▶ _EXERCISE MATERIAL_:
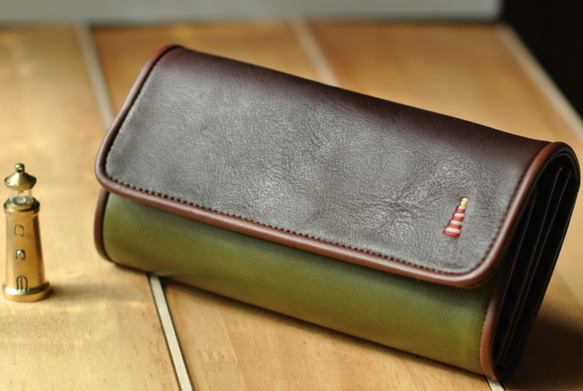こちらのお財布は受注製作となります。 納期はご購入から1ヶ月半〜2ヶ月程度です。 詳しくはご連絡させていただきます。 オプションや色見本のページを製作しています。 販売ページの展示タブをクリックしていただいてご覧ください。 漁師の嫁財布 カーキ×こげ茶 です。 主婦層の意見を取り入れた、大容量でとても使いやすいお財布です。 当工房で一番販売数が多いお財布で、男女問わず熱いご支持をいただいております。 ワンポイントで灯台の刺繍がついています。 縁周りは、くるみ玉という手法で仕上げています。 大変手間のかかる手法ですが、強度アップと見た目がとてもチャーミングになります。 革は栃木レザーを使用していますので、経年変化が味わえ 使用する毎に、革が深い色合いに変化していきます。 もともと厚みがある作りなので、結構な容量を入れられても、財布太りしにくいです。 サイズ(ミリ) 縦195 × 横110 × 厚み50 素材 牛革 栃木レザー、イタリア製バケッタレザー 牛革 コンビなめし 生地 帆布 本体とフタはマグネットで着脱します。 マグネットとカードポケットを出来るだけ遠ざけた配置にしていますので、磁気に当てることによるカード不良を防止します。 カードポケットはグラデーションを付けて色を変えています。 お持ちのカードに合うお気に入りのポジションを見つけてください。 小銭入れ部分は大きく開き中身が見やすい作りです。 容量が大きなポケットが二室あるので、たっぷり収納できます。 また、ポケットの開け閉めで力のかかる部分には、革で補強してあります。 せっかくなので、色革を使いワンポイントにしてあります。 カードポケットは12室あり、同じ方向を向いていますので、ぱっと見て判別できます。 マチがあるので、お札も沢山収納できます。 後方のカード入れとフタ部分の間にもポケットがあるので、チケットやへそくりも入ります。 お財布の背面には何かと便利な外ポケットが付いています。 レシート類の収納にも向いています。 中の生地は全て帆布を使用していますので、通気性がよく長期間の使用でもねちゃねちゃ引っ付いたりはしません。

--

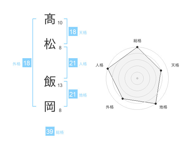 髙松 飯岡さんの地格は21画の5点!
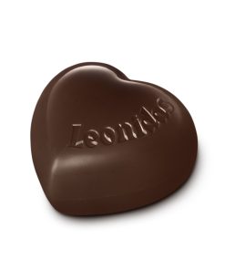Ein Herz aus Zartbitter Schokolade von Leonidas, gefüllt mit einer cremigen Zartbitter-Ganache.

▶ _TASK STATEMENT_:
Copy exactly the lines of the listing above between the one holding "髙松 飯岡さんの地格は21画の5点!" and the one holding "Ein Herz aus", inclusive; omit all pictures.

▶ _RESULT OF THE EXERCISE_:
 髙松 飯岡さんの地格は21画の5点!
Ein Herz aus Zartbitter Schokolade von Leonidas, gefüllt mit einer cremigen Zartbitter-Ganache.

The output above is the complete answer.